Do you think you exercise effective control over your 11-year-old daughter’s use of technology?

“Completely. I had a talk with her when she was 5. I didn’t tell her that screens take control of the brain and melt it. I read the research, and there is no study that shows negative or extreme influences, or any at all, from using the technology two hours a day or less. So I explained to her that the cost of the technology is her time. Instead of being in the swimming pool, playing with friends outside or being with your parents, you are opposite a screen. I asked her how much screen time she wanted every day, and she said two episodes of [shows on] Netflix, meaning 45 minutes altogether.

“I didn’t want to be the policeman who would be responsible for that time allotment, so I explained to her that she needed to take responsibility for it.

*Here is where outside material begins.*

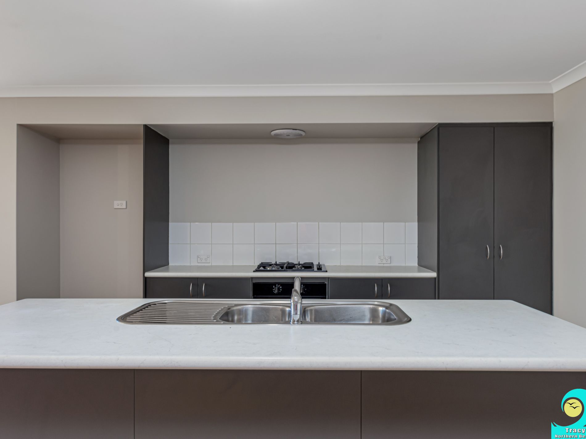 • Kitchen with island/breakfast bar, dishwasher recess, 60cm gas cooktop, under-bench oven and double door pantry.

Not the person who created the application, not her parents – her. I asked how she could make sure she wouldn’t spend more than 45 minutes in front of the screen. She came up with a great idea: She set the microwave timer and it would beep when the time was up, and she turned off the device. I told her: If we see that you are not being honest with yourself and with us, we’ll have another talk like this. Six years later, that talk hasn’t happened.”

But not all children display such advanced levels of self-control. I know quite a few adults who do intensive bingeing on TV shows and can’t stop themselves after two episodes. Isn’t this a somewhat exaggerated demand of our children?

“Would you throw your child into the pool without teaching him how to swim? Probably not – so why do it with digital devices? Before I give my child a device, I need to be sure that he knows the rules of its use: to put it aside when doing homework, to turn it off when friends come over. Children in our society have deficiencies in their basic needs, and when they don’t have enough of what they need in the real world, they look for and find it in the virtual world. Our children need autonomy and a sense of control in their life, but the levels of regulation that are exercised today on youngsters, at least in the United States, resemble those applied to prisoners. They are told what to eat, where to go, what to do. And then they play Fortnite and for a moment they’re able to feel like God in their universe.

“Our children also need a connection to others. It used to be that in every neighborhood in America you would hear the sound of children playing outside. Today they’re all in the house, because the parents are afraid of kidnappings. It makes no difference that this is the safest period in history – that isn’t what the media is selling us. So either they are alone at home or they have a schedule as packed as that of a CEO, moving from extracurricular sports to a group learning Chinese. Our kids don’t have free time, they don’t have time to play with other kids their age, and so they look for – and find – all of that online. I am speaking as a parent. We have to stop accusing the devices and start doing something about the real problem, which is to provide for our children’s real needs.”

I was with my family on vacation, and in the hotel restaurant there was silence: All the children were hooked up with headphones and screens, except my kids, who naturally were making the most noise. It was hard for me to decide who was normal and who wasn’t. Maybe the right thing to do is to set our kids up before a screen in situations when we want them to be quiet.

“That reminds me how a few days ago, my wife and I and our daughter went out for dinner with our neighbors and their two delightful daughters. Through the entire meal, our neighbors’ daughters were on their phones. Well, we went out for dinner with them once, but we won’t do it again. They don’t share our world of values. If their girls had hit our daughter, or if the parents had smoked at the table, I also wouldn’t go out with them again. That’s just rude behavior. A child shouldn’t be using technology during a social encounter, or at a meal, or in the middle of a class.”